The researchers then asked 12 fellowship-trained retinal and glaucoma specialists and three senior trainees (ages 31 to 67 years) from eye clinics affiliated with the Department of Ophthalmology at Icahn School of Medicine to respond to the same prompts. Panelists evaluated all responses in a blinded fashion except their own on scales of accuracy (1-10) and medical completeness (1-6).
The combined question-case mean ranks for accuracy were 506.2 for the chatbot and 403.4 for the glaucoma specialists (n=831, Mann-Whitney U=27,976.5, P<0.001). The mean ranks for completeness were 528.3 and 398.7, respectively (n=828, Mann-Whitney U=25,218.5, P<0.001).
For retina-related questions, the mean ranks for accuracy were 235.3 for the chatbot and 216.1 for the retina specialists (n=440, Mann-Whitney U=15,518.0, P=0.17). The mean ranks for completeness were 258.3 and 208.7, respectively (n=439, Mann-Whitney U=13,123.5, P=0.005).
The results showed that "both trainees and specialists rated the chatbot's accuracy and completeness more favorably than those of their specialist counterparts, with specialists noting a significant difference in the chatbot's accuracy (z=3.23; P=0.007) and completeness (z=5.86; P<0.001)," wrote Huang and co-authors.
Limitations included that the single-center, cross-sectional study evaluated only LLM proficiency at a single time point among one group of attendings and trainees. In addition, the investigators cautioned that the "findings, while promising, should not be interpreted as endorsing direct clinical application due to chatbots' unclear limitations in complex decision-making, alongside necessary ethical, regulatory, and validation considerations not covered in this report."
Disclosures
The study was funded by the Manhattan Eye and Ear Ophthalmology Alumni Foundation and Research to Prevent Blindness.

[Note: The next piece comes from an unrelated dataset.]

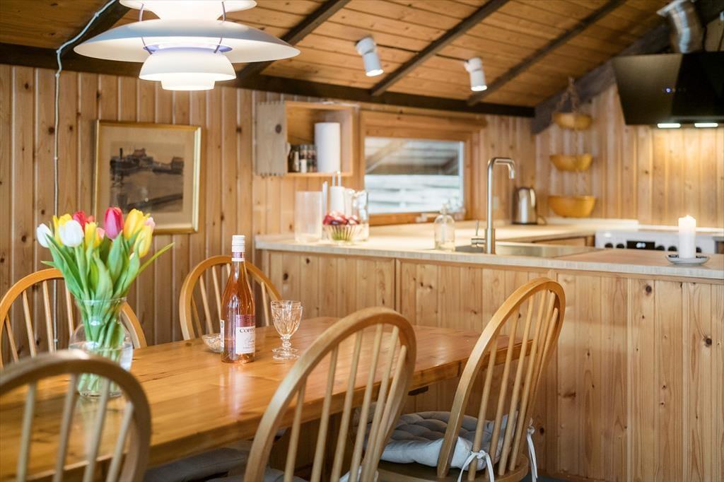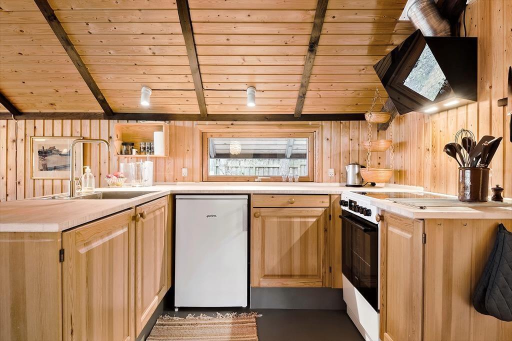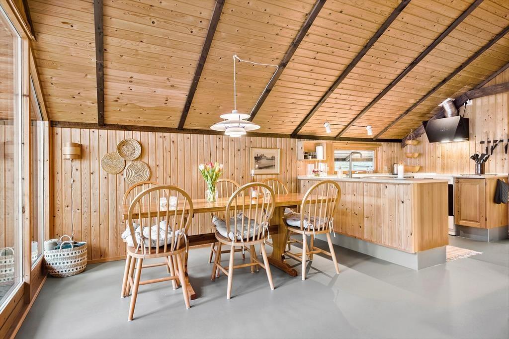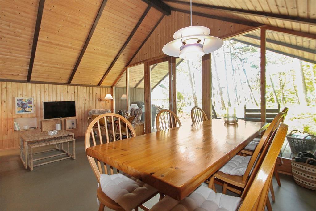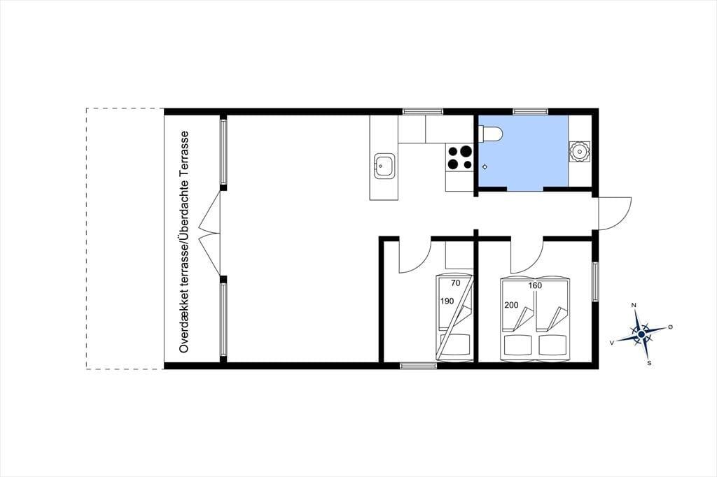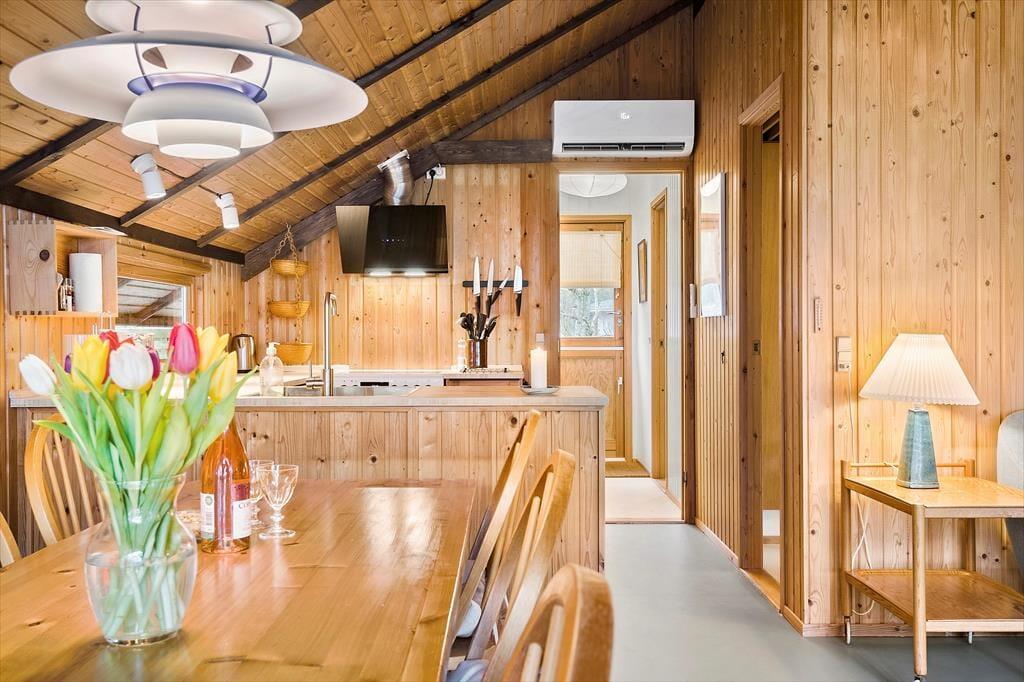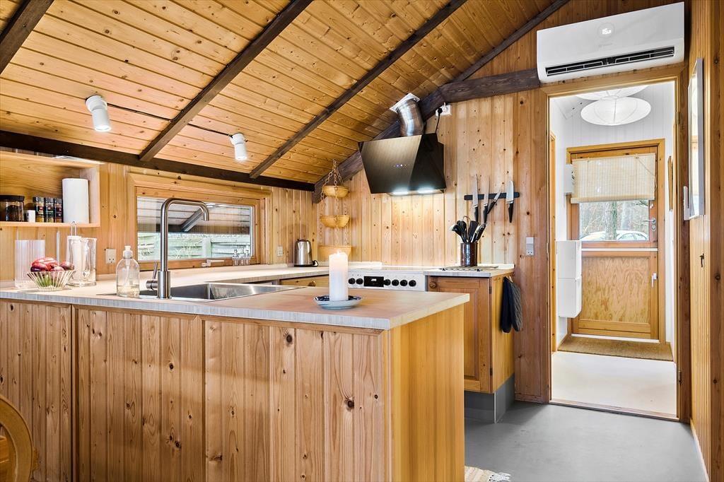 Das teilweise im Jahr 2024 modernisierte Urlaubsdomizil begrüßt dich mit einem kombinierten Küchen-, Wohn- und Essbereich. In der Küche stehen dir ein Induktionskochfeld, ein Kühlschrank mit kleinem Gefrierfach, eine Kaffeemaschine und ein Wasserkocher hilfreich zur Seite. Vom Aufenthaltsraum trittst du direkt hinaus auf eine teilweise überdachte Terrasse. Mach es dir mit deinen Lieben in aller Ruhe im Wohnraum auf dem Sofa, in den Lehnstühlen oder rund um den Esstisch gemütlich. Für Abwechslung und Unterhaltung sorgt derweil der Smart-TV mit dänischen Sendern und Streamingmöglichkeiten. Zum Nutzen von Streamingdiensten benötigst du ein privates Streamingabo. Der Rest der Wohnfläche ist einem Badezimmer mit Duschnische und zwei Schlafräumen überlassen. Einer der Schlafräume bietet ein Doppelbett, im anderen steht ein Etagenbett (70 x 190 Zentimeter) bereit. An kühlen Tagen garantieren eine Wärmepumpe und Elektroheizkörper behagliche Temperaturen.

Huang reported grants from the Manhattan Eye and Ear Ophthalmology Alumni Foundation, as did a co-author, who also reported a financial relationship with Twenty Twenty and grants from the National Eye Institute, the Glaucoma Foundation, and Research to Prevent Blindness.
Young and Zhao had no disclosures.
Primary Source
JAMA Ophthalmology
Huang AS, et al "Assessment of a large language model's responses to questions and cases about glaucoma and retina management" JAMA Ophthalmol 2024; DOI: 10.1001/jamaophthalmol.2023.6917.
Secondary Source
JAMA Ophthalmology
Young BK, Zhao PY "Large language models and the shoreline of ophthalmology" JAMA Ophthalmol 2024; DOI: 10.1001/jamaophthalmol.2023.6937.